Data below:
· · · · ·
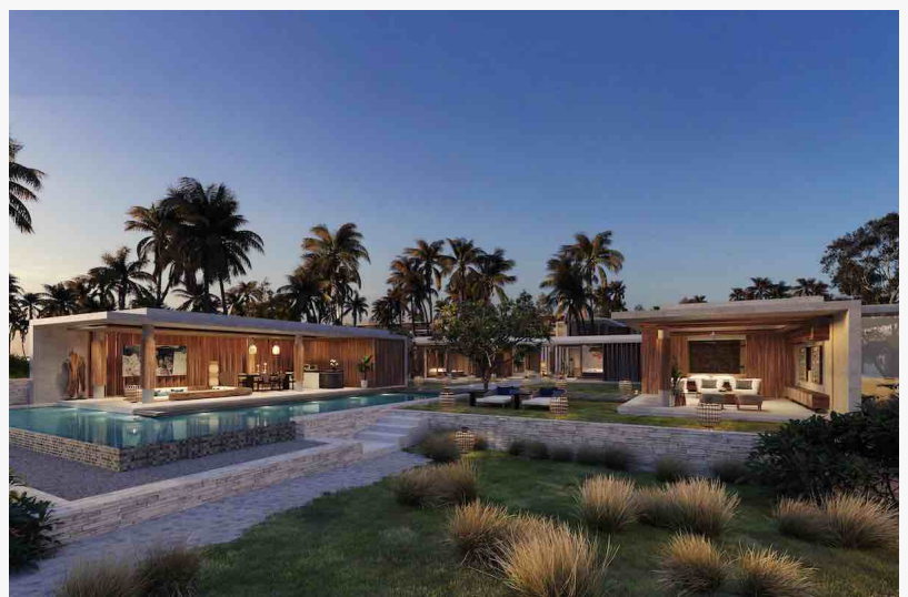
Cap Karoso Beachfront Villa

The soon-to-be-ready SANUBARI is built on the coastline and will offer experiences that enrich personal discovery through the island's nature and spiritual heritage. Set to open with six suites, one can enjoy a myriad of water activities or take part in an ocean view yoga session to find his centre.
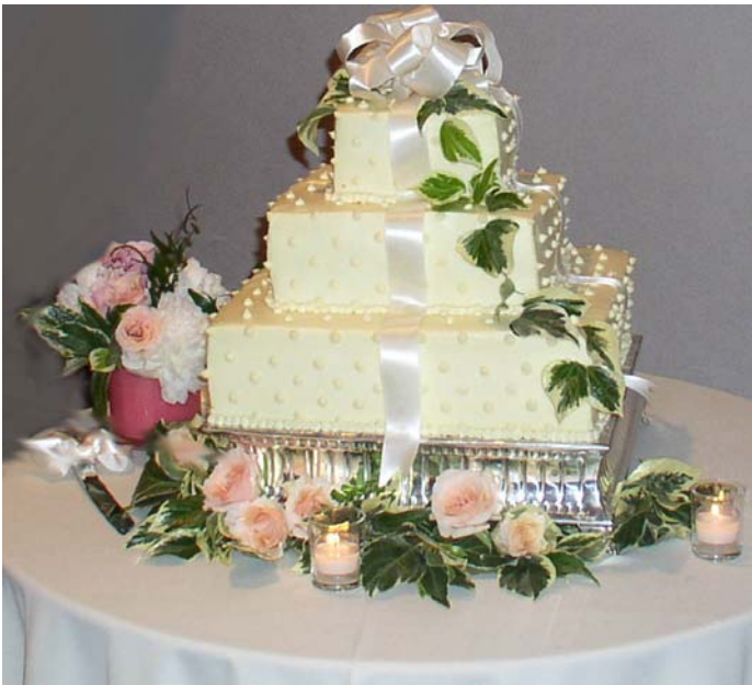
The cake consisted of a top chocolate layer, middle lemon and bottom layer of carrot cake. This wedding cake was eaten.
· · · · ·
Instructions for the task: Begin with the line holding "The soon-to-be-ready SANUBARI" and end with the last line of the listing. Reproduce each of those lines exactly, and leave every picture out.

Task output:
The soon-to-be-ready SANUBARI is built on the coastline and will offer experiences that enrich personal discovery through the island's nature and spiritual heritage. Set to open with six suites, one can enjoy a myriad of water activities or take part in an ocean view yoga session to find his centre.
The cake consisted of a top chocolate layer, middle lemon and bottom layer of carrot cake. This wedding cake was eaten.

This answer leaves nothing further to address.